Göçün getirdiği avantajlardan biri, insanın doğduğu yere özgü kültürel miras, tarihî geçmiş, dil ve hatta cinsiyet gibi ögelerin oluşturduğu kimliğin dönüşebilmesi. Bu dönüşme, özellikle de Almanya gibi çeşitli etnik grupların yaşadığı bir göçmen ülkesinde neredeyse zenginleşmeyle eş anlamlıdır. Dolayısıyla, dönüşmeyle elde edilen bu yeni kimlik kişi için bir şans oluşturuyor.

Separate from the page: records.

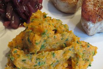 Bei uns gab es dieses Süßkartoffelpüree mit Bärlauch zu Schweinemedaillons vom Iberischen Schwein mit Rotwein-Balsamico-Zwiebeln – siehe Bild ganz oben.
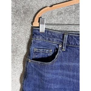 Old Navy Jean Skirt Womens Size 8 Stretch Blue Denim Raw Hem Pockets
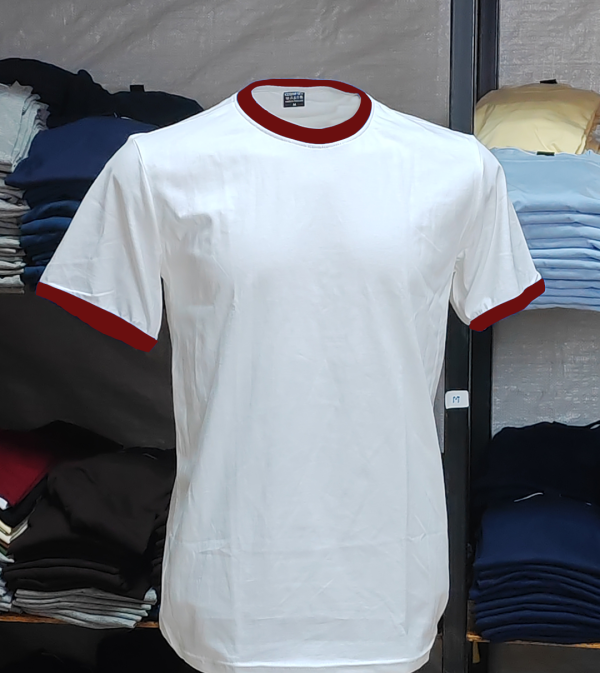 C20117 เสื้อยืดกุ้น ขาวกุ้นเลือดหมู2
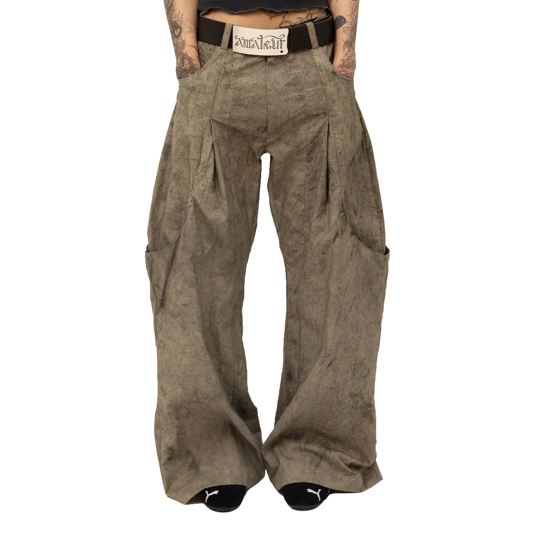 Wax-coated cargos dyed with a dirty effect beige colour. Featured oversized pockets and pleat details.
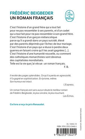 C'est l'histoire d'un grand frère qui a tout fait pour ne pas ressembler à ses parents, et d'un cadet qui a tout fait pour ne pas ressembler à son grand frère. C'est l'histoire d'un garçon mélancolique parce qu'il a grandi dans un pays suicidé, élevé par des parents déprimés par l'échec de leur mariage. C'est l'histoire d'un pays qui a réussi à perdre deux guerres en faisant croire qu'il les avait gagnées [...]. C'est l'histoire d'une humanité nouvelle, ou comment des catholiques monarchistes sont devenus des capitalistes mondialisés. Telle est la vie que j'ai vécue: un roman français. F. B.Ce livre a reçu le Prix Renaudot.Il recèle des pages splendides. Ce qu'il a perdu en agressivité, il l'a gagné en sophistication. En lyrisme, mème. [...] son humour est intact. L'Express.Un roman français est sans aucun doute le meilleur roman de Frédéric Beigbeder, le plus sincère, le plus touchant. Les Échos.
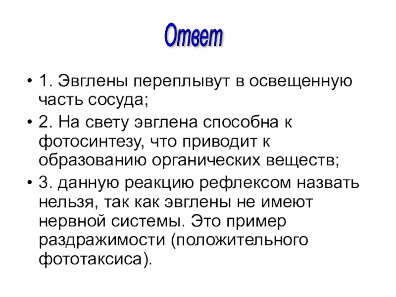 3. данную реакцию рефлексом назвать нельзя, так как эвглены не имеют нервной системы. Это пример раздражимости (положительного фототаксиса).
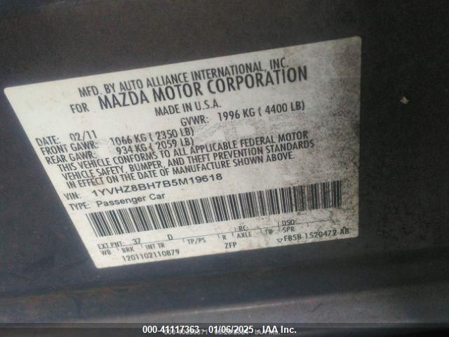 2011 MAZDA 6 2011 року Бензин, 2.5, Передний привод, vin - 1YVHZ8BH7B5M19618 из США
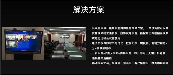 以浦發銀行貴州省分行為例,在引入MAXHUB前,每場晨夕會光設備開機、會前準備就要耗時10多分鐘,會議效率低下。視頻會議時,還要配備音響、麥克風等額外設備,需要專業技術人員進行設備維護。此外,傳統設備場景固定,一些客戶活動、小組會議無法和會議設備很好地結合。而當MAXHUB進入會議室后,一臺會議平板就兼具電子白板、投影儀、音視頻設備、音響等眾多功能,無需開機對焦、設備連線,即開即用,且能很好地兼容原有視頻會議系統進行遠程協同。同時,安裝有移動支架的會議平板可以靈活挪動到會議室、洽談區、客戶接待區等場所,大大提升了會議設備的使用效率。

Bunu şans ve zenginlik olarak görmeyerek “eski” kimliğine sıkı sıkı yapışıp onu bırakmama çabasında ya da “eski ve yeni” veya “hem o hem de öteki” diye birbirinden tamamen kopuk iki kimliğe sahip olduğunu düşünenlerin sayısı çok. Onun değişken bir nosyon olduğunu yadsıyıp bir kimliğe sıkı sıkı sarılmayı ya da eklektik iki kültürün bir kişilikte barınabileceğini savunmayı özellikle içinde yaşadığımız küreselleşme koşullarında düşünmek zor. Dahası, “köklere dönüş”, sağın, Avrupa’da, özellikle de Almanya’daki radikal unsurların benimseyip yaygınlaştırmaya çalıştığı bir davranış biçimi. Aşırı sağ bunu yaparken, alternatif yaşam biçimlerine, çok kültürlülüğe, kendi deyimiyle Batı’yı tehdit eden bütün bu unsurlara savaş açmış oluyor. Başka bir deyişle, kimliği durağan belleyerek ulusal aidiyeti birinci planda tutmak “kader birliği” topluluklarının oluşmasına yol açarak ötekileştirme tehlikesini, aynı zamanda totaliter ve tekilliği dışlayan bir nüve de taşıyor. Yazar, filozof ve aktivist Franco Berardi, küreselleşmenin doğurduğu sonuçlardan biri olan yersiz yurtsuzlaşmanın (Deterritorialisierung) paradoksal bir biçimde kimliksel bir barınağa ve kendi aidiyetinin takdirine ihtiyaç duymaya yol açtığını ve tam da burada kimliksel tuzağın gizlendiğini söylüyor. Berardi’ye göre, özgüven ve kendi değerini ispatın agresif biçimleri olarak vatan, din ve aile gibi kavramlara dönüş bu tuzağı oluşturuyor.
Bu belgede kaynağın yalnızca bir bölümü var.